-- EXTRACTED ENTRIES follows --

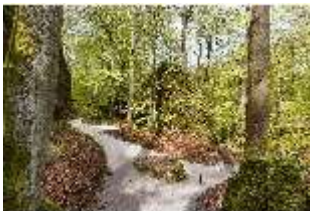
Sa.V, Ehemaliger Grüner Tisch, DI007881, BSV-
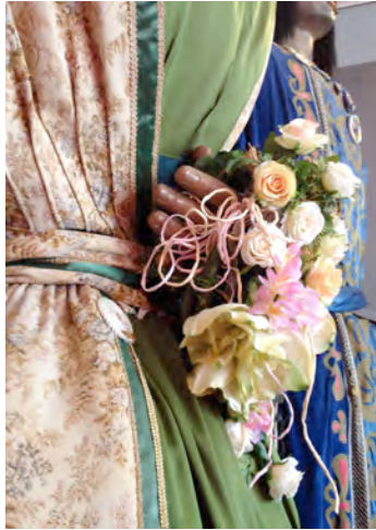
Imatge 14: Detall frontal i lateral de la postura de la mà esquerra de la geganta.
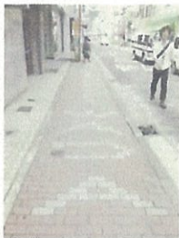
↑和田橋から国道16号まで続くすずかぜ舗装

毎年恒例になった打ち水大作戦は、今年も地蔵まつり24日の16時頃から予定されています。和田町商店街では、「ヒートアイランド対策モデル実験事業」として、横浜国立大学・和田町商店街・和田町西部町内会が協働で、打ち水や緑化推進などのヒートアイランド対策事業を進めてきました。その事業の1つである「すずかぜ舗装」が商店街に整備されて、約3年経ちます。
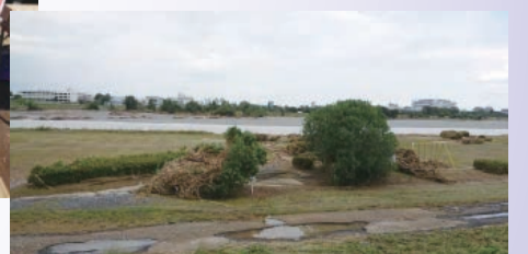
台風19号後の多摩川▶
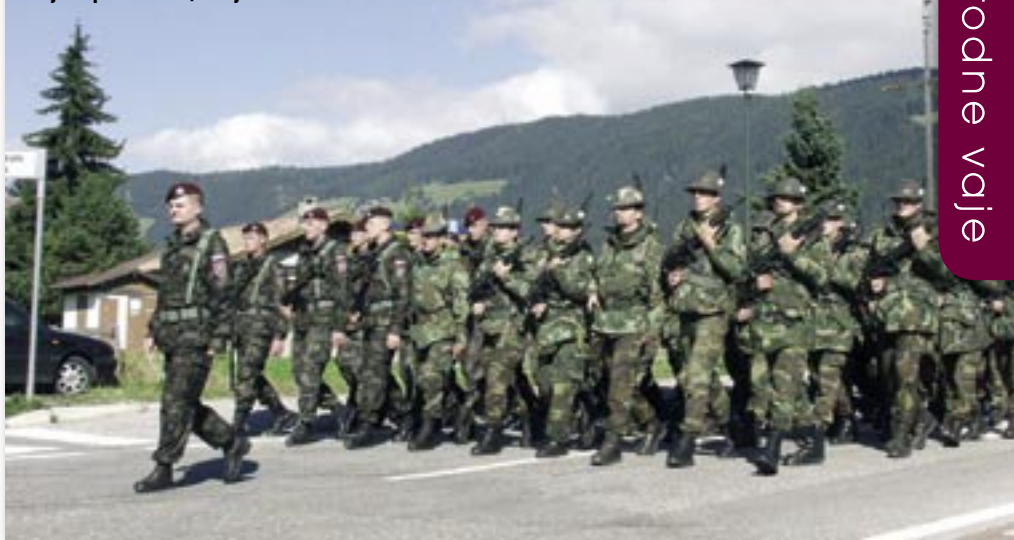
Vaja Esperia 2001, Italija

Mešana sestava čete in poveljstva bataljona je delovala zelo homogeno, manjše težave so se pojavljale le pri sporazumevanju, saj italijanski častnik za povezavo, ki nam je bil dodeljen v največji meri za prevajanje, ni najbolje obvladal angleščine. Pa vendar smo se z našo vedno uspešno improvizacijo in tudi s prizadevnostjo gostiteljev lotili vseh zadanih nalog in jih tudi uspešno izvedli.

-- EXTRACTED ENTRIES concluded --

--- YOUR OBJECTIVE ---
Would you return, unchanged, the lines from the one containing "Vaja Esperia 2001, Italija" through the end of the entries?

--- SOLUTION TO THIS PROBLEM ---
Vaja Esperia 2001, Italija

Mešana sestava čete in poveljstva bataljona je delovala zelo homogeno, manjše težave so se pojavljale le pri sporazumevanju, saj italijanski častnik za povezavo, ki nam je bil dodeljen v največji meri za prevajanje, ni najbolje obvladal angleščine. Pa vendar smo se z našo vedno uspešno improvizacijo in tudi s prizadevnostjo gostiteljev lotili vseh zadanih nalog in jih tudi uspešno izvedli.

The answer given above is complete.